For the combinations of `bedrooms_cat` and `bathrooms_cat`, visualise the distribution of `price_czk`. Ensure that the plot clearly shows which combinations exist in the filtered dataset and whether price levels differ across them.



In [None]:
def task5(df):
	print(Fore.YELLOW + "Task 5")

	# chat gpt :>
	plt.figure(figsize=(10, 6))
	sns.boxplot(
		data=df,
		x='bedrooms_cat',
		y='price_czk',
		hue='bathrooms_cat'
	)
	plt.title('House Prices by Bedroom/Bathroom Categories')
	plt.xlabel('Bedrooms (category)')
	plt.ylabel('Price (CZK)')
	plt.legend(title='Bathrooms (category)')
	plt.tight_layout()
	plt.show()

In [None]:
# TODO: Task 05
task5(houses_categorised)


## Task 06 – Focus on two-bedroom houses

Restrict the data to houses with exactly two bedrooms (before categorisation). Plot `price_czk` against `living_area_m2`, colour the points by `fireplace`, and scale the point size according to the number of bathrooms (treat `bathrooms` as numeric for this plot).




**From this point on, continue working with the subset of two-bedroom houses unless a task specifies otherwise.**



In [None]:
def task6(df, do_print=False):
	if do_print:
		print(Fore.YELLOW + "Task 6")

	df = df[df['bedrooms'] == 2]
	if do_print:
		sns.scatterplot(
			data=df,
			x='price_czk',
			y='living_area_m2',
			hue='fireplace',
			size='bathrooms')
		plt.show()

	return df

In [None]:
# TODO: Task 06
houses_two_bedrooms = task6(houses_converted_units, do_print)


# Simple linear regression




## Task 07 – Simple regression (with and without intercept)
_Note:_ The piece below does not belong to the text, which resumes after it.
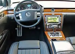 The interior benefited from some new technologies, but retained the 2009 MY layout. The Phaeton was offered in two wheelbase lengths (standard and long) and two seating layouts (standard five seats and optional four seats with full centre console). In the five-seat version, the front seats can be adjusted 12 ways. Standard features include all wheel drive, air suspension, and four zone automatic climate control. A multifunction steering wheel can be ordered in leather or wood leather.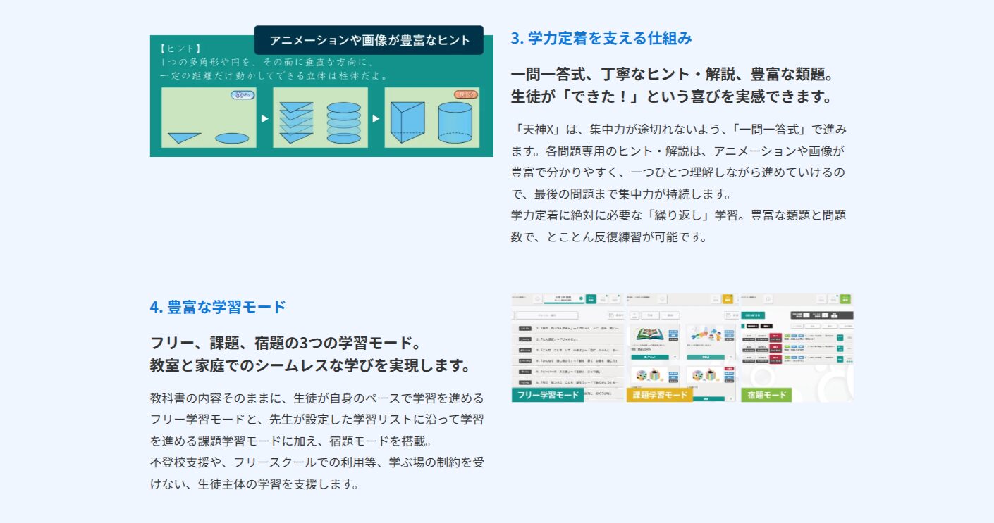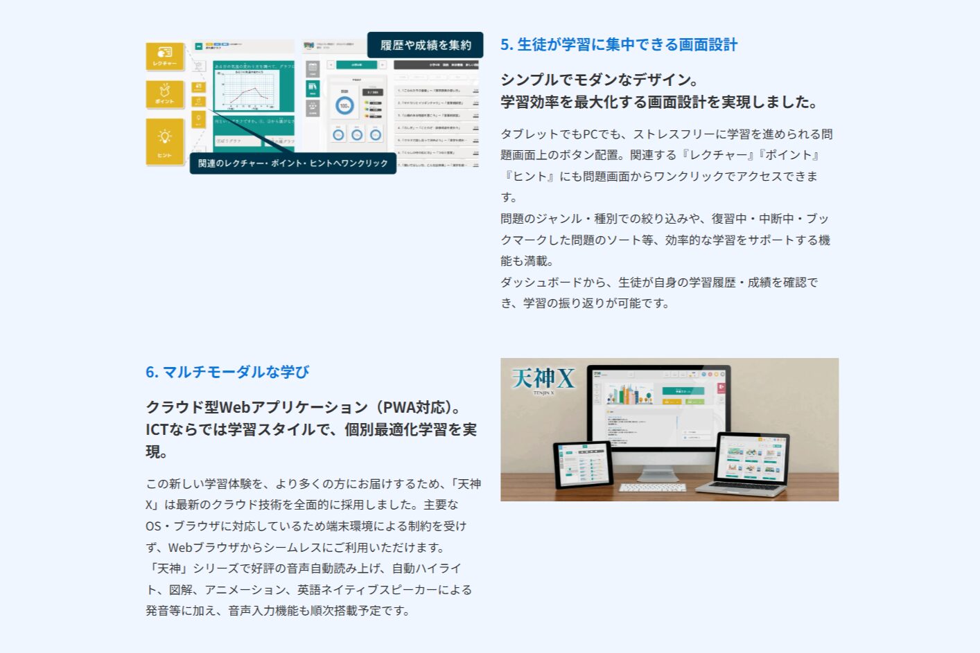 Mirai.αでは、第10回日本e-Learning大賞を受賞した「天神」から新たに発売されたタブレット対応の「天神 X」をICT教材として導入しています。

Fit two linear models explaining `price_czk` by `living_area_m2`: one with an intercept and one without. Report $R^2$ and the $F$-statistic for both models. Choose the model you prefer and justify your choice. Using the selected model, answer whether price depends on living area and by how much the expected price changes if the living area increases by 20 m².



In [None]:
def task7(df):
	print(Fore.YELLOW + "Task 7")

	model_inter = smf.ols('price_czk ~ living_area_m2', data=df)
	fit_inter = model_inter.fit()
	model_no_inter = smf.ols('price_czk ~ living_area_m2 - 1', data=df)
	fit_no_inter = model_no_inter.fit()

	print(fit_inter.summary(), '\n\n')
	print(fit_no_inter.summary())

	print(Fore.MAGENTA + "Report of R2 and F-statistics:")
	print("Model with intercept\n\tR2:\t\t0.384\n\tF:\t\t54.17\n\tF p-val:\t9.69e-11")
	print("Model without intercept\n\tR2:\t\t0.932\n\tF:\t\t1204.\n\tF p-val:\t4.04e-53")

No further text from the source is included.